Once you are confident that your application behaves as expected, you can increase your thread count.

To optimize thread count, we recommend looking at request latency. If your application is under load additional threads will decrease request latency, up to a point. Once adding new threads no longer gives your application measurable request time improvements there is no need to add additional threads

Database connections

As you add more concurrency to your application it will need more connections to your database. A good formula for determining the number of connections each application will require is to multiply the MAX_THREADS by the PUMA_WORKERS. This will determine the number of connections each dyno will consume.

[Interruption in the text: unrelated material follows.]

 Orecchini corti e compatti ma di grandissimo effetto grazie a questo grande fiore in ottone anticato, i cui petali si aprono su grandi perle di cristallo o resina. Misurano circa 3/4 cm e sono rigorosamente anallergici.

Rails maintains its own database connection pool, with a new pool created for each worker process. Threads within a worker will operate on the same pool. Make sure there are enough connections inside of your Rails database connection pool so that MAX_THREADS number of connections can be used. If you see this error:

ActiveRecord::ConnectionTimeoutError - could not obtain a database connection within 5 seconds

This is an indication that your Rails connection pool is too low. For an in depth look at these topics please read the devcenter article Concurrency and Database Connections.

Slow clients

A slow client is one that sends and receives data slowly. For example, an app that receives images uploaded by users from mobile phones that are not on WiFi, 4G or other fast networks. This type of a connection can cause a denial of service for some servers, such as Unicorn, as workers must sit idle as they wait for the request to finish.

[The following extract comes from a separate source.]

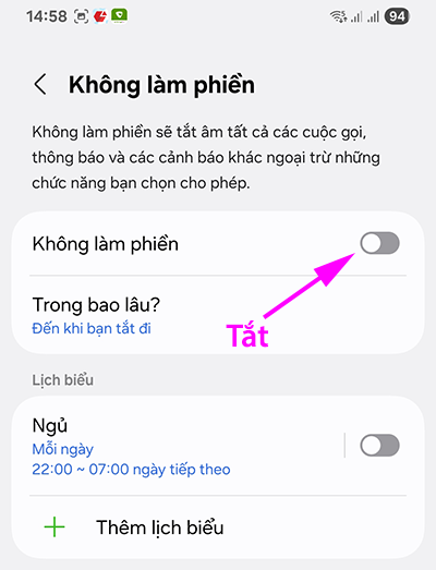 Vào menu Cài đặt ➡ Thông báo ➡ Không làm phiền

Puma can allow multiple slow clients to connect without requiring a worker to be blocked on the request transaction. Because of this, Puma handles slow clients gracefully. Heroku recommends Puma for use in scenarios where you expect slow clients.


It is possible to set a “backlog” value for Puma. This is the number of requests that will be queued at the socket before Puma begins rejecting HTTP requests. The default value is set to 1024, we recommend not modifying this value or decreasing it. It may seem like a good idea to decrease this value, so when a dyno is busy a request can get sent to a less busy dyno. When Heroku re-routes a bounced request it assumes your entire app is saturated. Each connection gets delayed by 5 seconds, so you’re automatically being penalized 5 seconds per request. You can read more about routing behavior. In addition when one of your dynos starts bouncing requests, it’s likely due to an increase in load and all of your dynos will be bouncing requests. Repeatedly bouncing the same request will result in higher error rates for your customers.

An arbitrarily high backlog value allows your dyno to handle a spike in requests. Lowering this value does little to speed up your app, and will actively cause more failed requests for your customers. Heroku recommends NOT setting the backlog value and instead using the default value.